▶ _WORK REQUEST_: Every line of the listing below must be printed again exactly, apart from its pictures.

***** DATA SHOWN *****

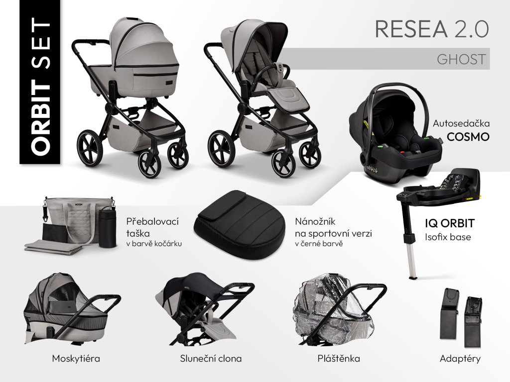 RESEA 2.0 ORBIT SETPro rodiče, kteří chtějí mít vše potřebné pohromadě, je k dispozici ORBIT SET, který kromě samotného kočárku obsahuje také:Bohaté příslušenství v ceně:
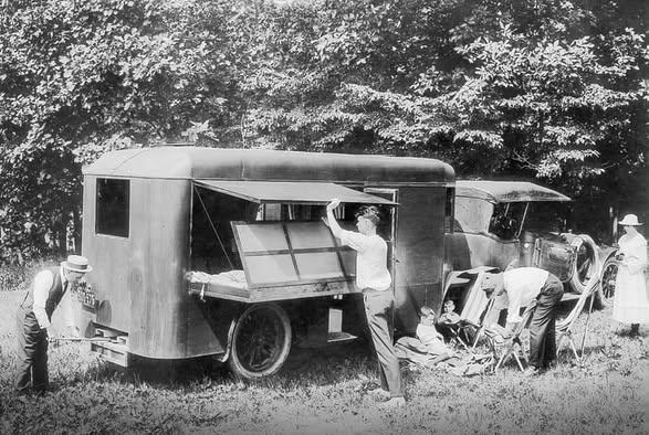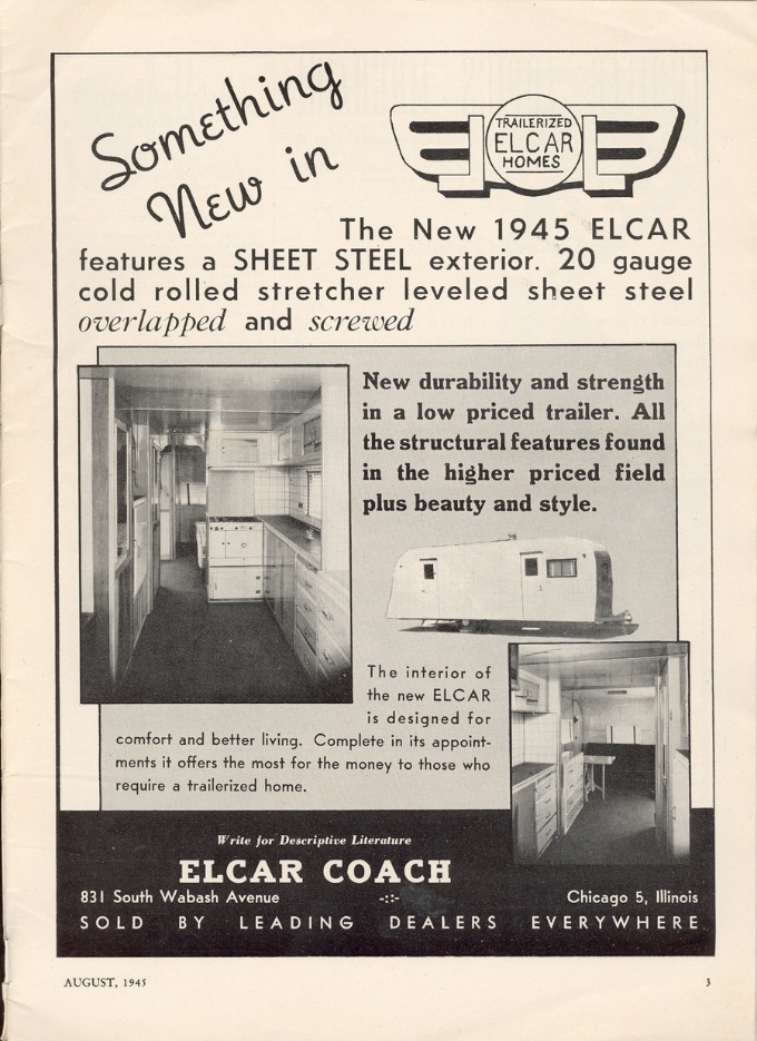 Elcar Coach was started by Milo Miller around 1934. Miller had started building trailers in Mishawaka, Indiana in 1931 under the name Sportsman Trailer Company. Miller was a pioneer in the early trailer days, building his first trailer out of necessity to carry his family on business trips. After he sold his first trailer, he saw demand and quickly built more.  Wilbur Schult saw Miller’s trailers at the 1933 Chicago Exposition Show and bought the Sportsman Trailer Company from him in 1936. This would later become Schult Homes, one of the biggest manufactured home builders today. See https://tincantourists.com/wiki/schult/ for more info on Schult trailers. After this sale, Miller went on to start the Elcar Coach Company, and moved the factory to Bourbon, Indiana. In November of 1944, Elcar Coach was sold to Mid-States. Miller would stay in the trailer manufacturing business by starting the National Trailer Corporation with a factory in Elwood, Indiana. Less than 2 months after the acquisition, the Elcar factory had a devastating fire on Dec 24, 1944 and it burned to the ground.
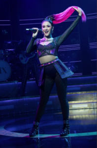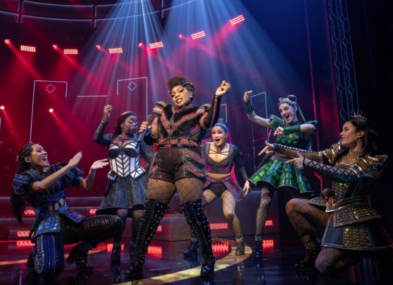 There’s an interesting shift in tone with Alizé Cruz (Katherine Howard) and “All You Wanna Do”. Her pink-and-black costume reflects youthful vitality layered with looming danger—the sweetness of pink undercut (no pun intended) by the severity of black. What begins flirtatious quickly curdles as the repetition of “All you wanna do, baby” exposes the song’s darker truth. As the lighting cools and the meaning sharpens, the visual contrast underscores just how trapped Howard truly is. It’s Britney‘s “Womanizer”, sing-songy and fun, but if the aggressor had access to the guillotine.
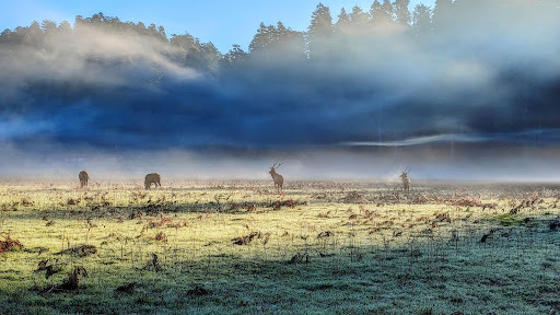 The Prairie Creek Visitor Center has plenty of free parking, well maintained restrooms nearby, picnic tables, and benches so you can sit and watch the wild elk herds in the nearby fields. It also is the crossroads and starting location of several short and easy hiking/waking trails or a day hike so that you can get out and see the beautiful redwoods in the natural environment.

*****

▶ _EXERCISE SOLUTION_:
 RESEA 2.0 ORBIT SETPro rodiče, kteří chtějí mít vše potřebné pohromadě, je k dispozici ORBIT SET, který kromě samotného kočárku obsahuje také:Bohaté příslušenství v ceně:
 Elcar Coach was started by Milo Miller around 1934. Miller had started building trailers in Mishawaka, Indiana in 1931 under the name Sportsman Trailer Company. Miller was a pioneer in the early trailer days, building his first trailer out of necessity to carry his family on business trips. After he sold his first trailer, he saw demand and quickly built more.  Wilbur Schult saw Miller’s trailers at the 1933 Chicago Exposition Show and bought the Sportsman Trailer Company from him in 1936. This would later become Schult Homes, one of the biggest manufactured home builders today. See https://tincantourists.com/wiki/schult/ for more info on Schult trailers. After this sale, Miller went on to start the Elcar Coach Company, and moved the factory to Bourbon, Indiana. In November of 1944, Elcar Coach was sold to Mid-States. Miller would stay in the trailer manufacturing business by starting the National Trailer Corporation with a factory in Elwood, Indiana. Less than 2 months after the acquisition, the Elcar factory had a devastating fire on Dec 24, 1944 and it burned to the ground.
 There’s an interesting shift in tone with Alizé Cruz (Katherine Howard) and “All You Wanna Do”. Her pink-and-black costume reflects youthful vitality layered with looming danger—the sweetness of pink undercut (no pun intended) by the severity of black. What begins flirtatious quickly curdles as the repetition of “All you wanna do, baby” exposes the song’s darker truth. As the lighting cools and the meaning sharpens, the visual contrast underscores just how trapped Howard truly is. It’s Britney‘s “Womanizer”, sing-songy and fun, but if the aggressor had access to the guillotine.
 The Prairie Creek Visitor Center has plenty of free parking, well maintained restrooms nearby, picnic tables, and benches so you can sit and watch the wild elk herds in the nearby fields. It also is the crossroads and starting location of several short and easy hiking/waking trails or a day hike so that you can get out and see the beautiful redwoods in the natural environment.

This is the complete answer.